Provided material:
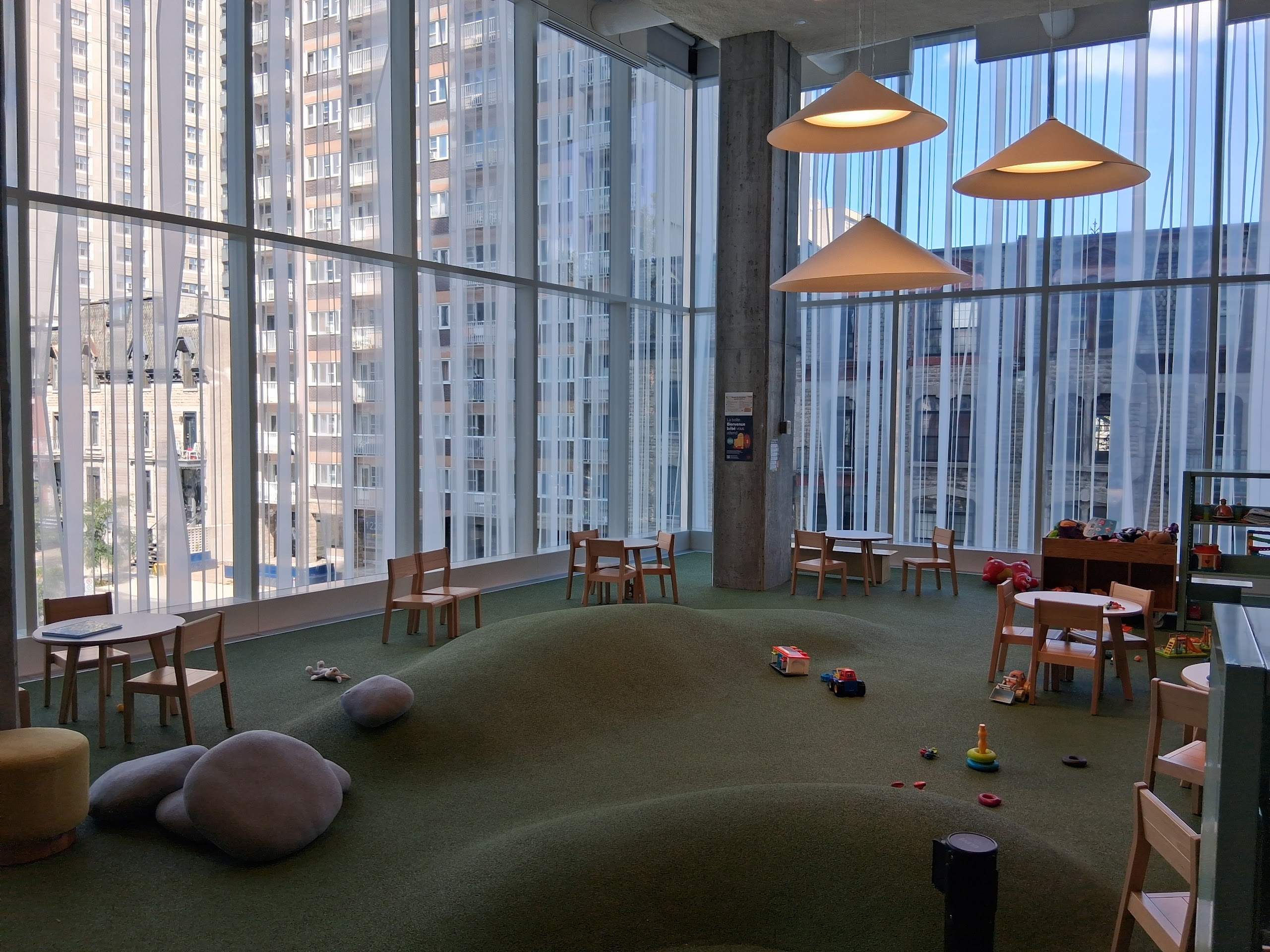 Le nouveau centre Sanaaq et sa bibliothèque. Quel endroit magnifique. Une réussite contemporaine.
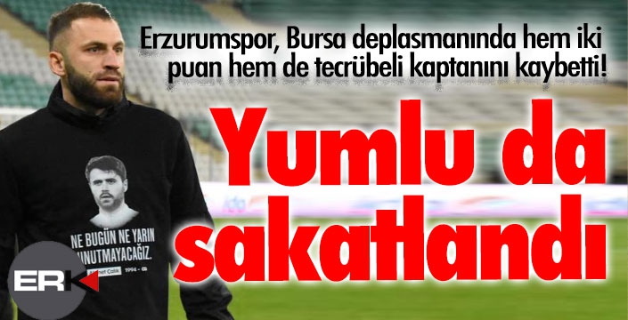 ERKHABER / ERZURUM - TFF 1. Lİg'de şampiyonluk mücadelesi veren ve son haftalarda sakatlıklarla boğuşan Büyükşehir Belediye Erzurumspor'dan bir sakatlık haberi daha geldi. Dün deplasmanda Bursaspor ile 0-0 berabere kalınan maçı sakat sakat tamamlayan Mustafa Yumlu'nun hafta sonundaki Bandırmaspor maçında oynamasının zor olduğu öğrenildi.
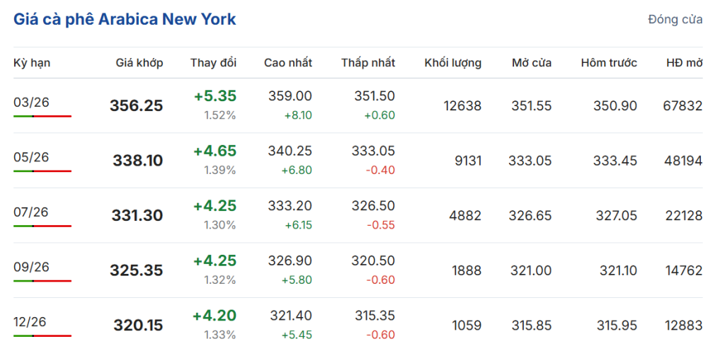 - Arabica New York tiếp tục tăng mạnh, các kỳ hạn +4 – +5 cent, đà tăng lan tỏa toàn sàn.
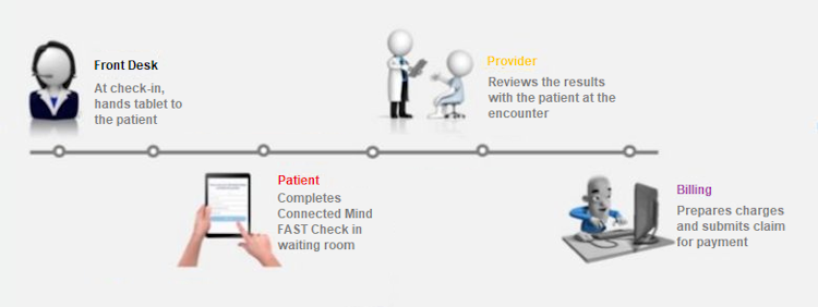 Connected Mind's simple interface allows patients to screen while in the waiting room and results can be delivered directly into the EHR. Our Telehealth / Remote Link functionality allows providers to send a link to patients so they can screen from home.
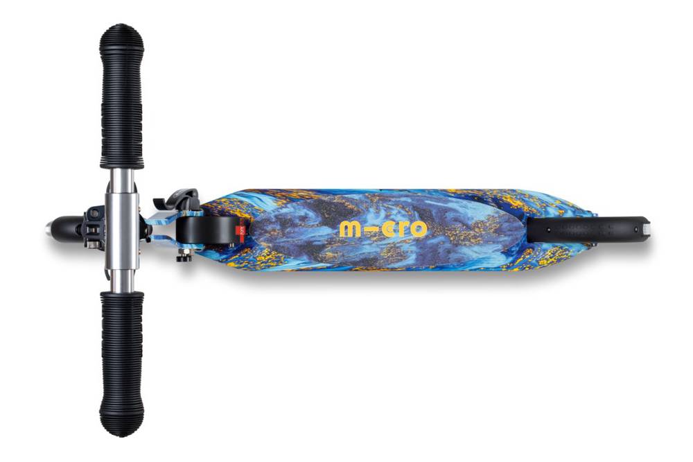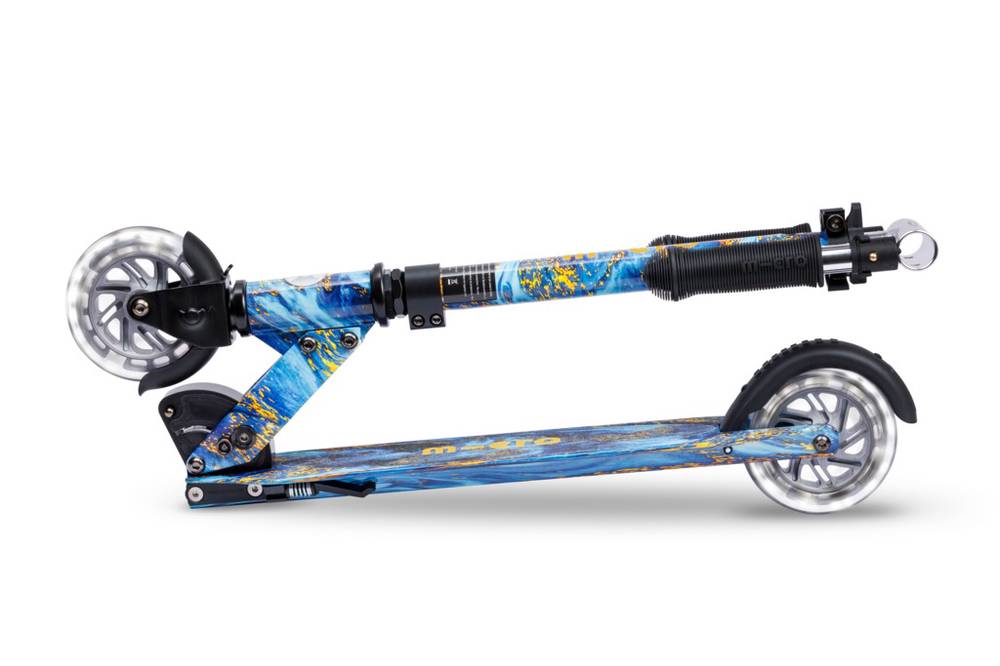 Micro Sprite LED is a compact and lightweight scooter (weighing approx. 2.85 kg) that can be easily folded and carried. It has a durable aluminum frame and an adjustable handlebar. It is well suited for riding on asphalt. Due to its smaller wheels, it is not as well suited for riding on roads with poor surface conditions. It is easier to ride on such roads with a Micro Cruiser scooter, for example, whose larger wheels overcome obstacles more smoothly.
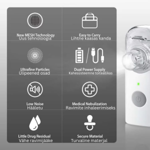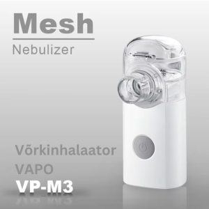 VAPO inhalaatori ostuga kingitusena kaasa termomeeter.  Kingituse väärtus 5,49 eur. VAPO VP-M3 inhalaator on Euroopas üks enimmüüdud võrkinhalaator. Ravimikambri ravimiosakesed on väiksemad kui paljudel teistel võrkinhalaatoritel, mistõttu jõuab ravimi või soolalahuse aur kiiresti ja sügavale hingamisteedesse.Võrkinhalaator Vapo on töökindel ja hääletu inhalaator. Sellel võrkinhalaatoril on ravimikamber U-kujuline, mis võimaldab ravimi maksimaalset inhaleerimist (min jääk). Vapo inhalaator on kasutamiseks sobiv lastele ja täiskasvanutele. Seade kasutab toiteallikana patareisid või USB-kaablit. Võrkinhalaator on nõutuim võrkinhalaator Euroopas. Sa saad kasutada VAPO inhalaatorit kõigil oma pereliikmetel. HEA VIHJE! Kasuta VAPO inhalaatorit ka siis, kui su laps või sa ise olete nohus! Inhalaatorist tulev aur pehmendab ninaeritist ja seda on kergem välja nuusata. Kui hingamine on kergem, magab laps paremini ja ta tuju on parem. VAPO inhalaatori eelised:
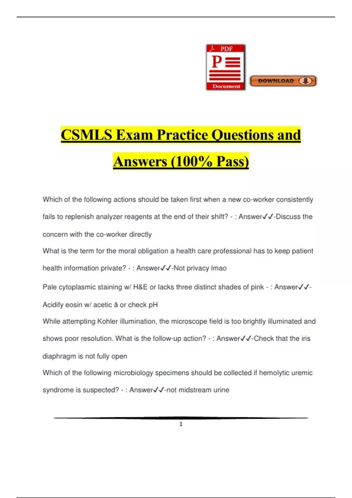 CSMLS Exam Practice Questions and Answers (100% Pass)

Task directions: Please return only the lines from the one holding "VAPO inhalaatori ostuga" through the end of the data, both ends included; do not copy any pictures.

Answer for the task:
 VAPO inhalaatori ostuga kingitusena kaasa termomeeter.  Kingituse väärtus 5,49 eur. VAPO VP-M3 inhalaator on Euroopas üks enimmüüdud võrkinhalaator. Ravimikambri ravimiosakesed on väiksemad kui paljudel teistel võrkinhalaatoritel, mistõttu jõuab ravimi või soolalahuse aur kiiresti ja sügavale hingamisteedesse.Võrkinhalaator Vapo on töökindel ja hääletu inhalaator. Sellel võrkinhalaatoril on ravimikamber U-kujuline, mis võimaldab ravimi maksimaalset inhaleerimist (min jääk). Vapo inhalaator on kasutamiseks sobiv lastele ja täiskasvanutele. Seade kasutab toiteallikana patareisid või USB-kaablit. Võrkinhalaator on nõutuim võrkinhalaator Euroopas. Sa saad kasutada VAPO inhalaatorit kõigil oma pereliikmetel. HEA VIHJE! Kasuta VAPO inhalaatorit ka siis, kui su laps või sa ise olete nohus! Inhalaatorist tulev aur pehmendab ninaeritist ja seda on kergem välja nuusata. Kui hingamine on kergem, magab laps paremini ja ta tuju on parem. VAPO inhalaatori eelised:
 CSMLS Exam Practice Questions and Answers (100% Pass)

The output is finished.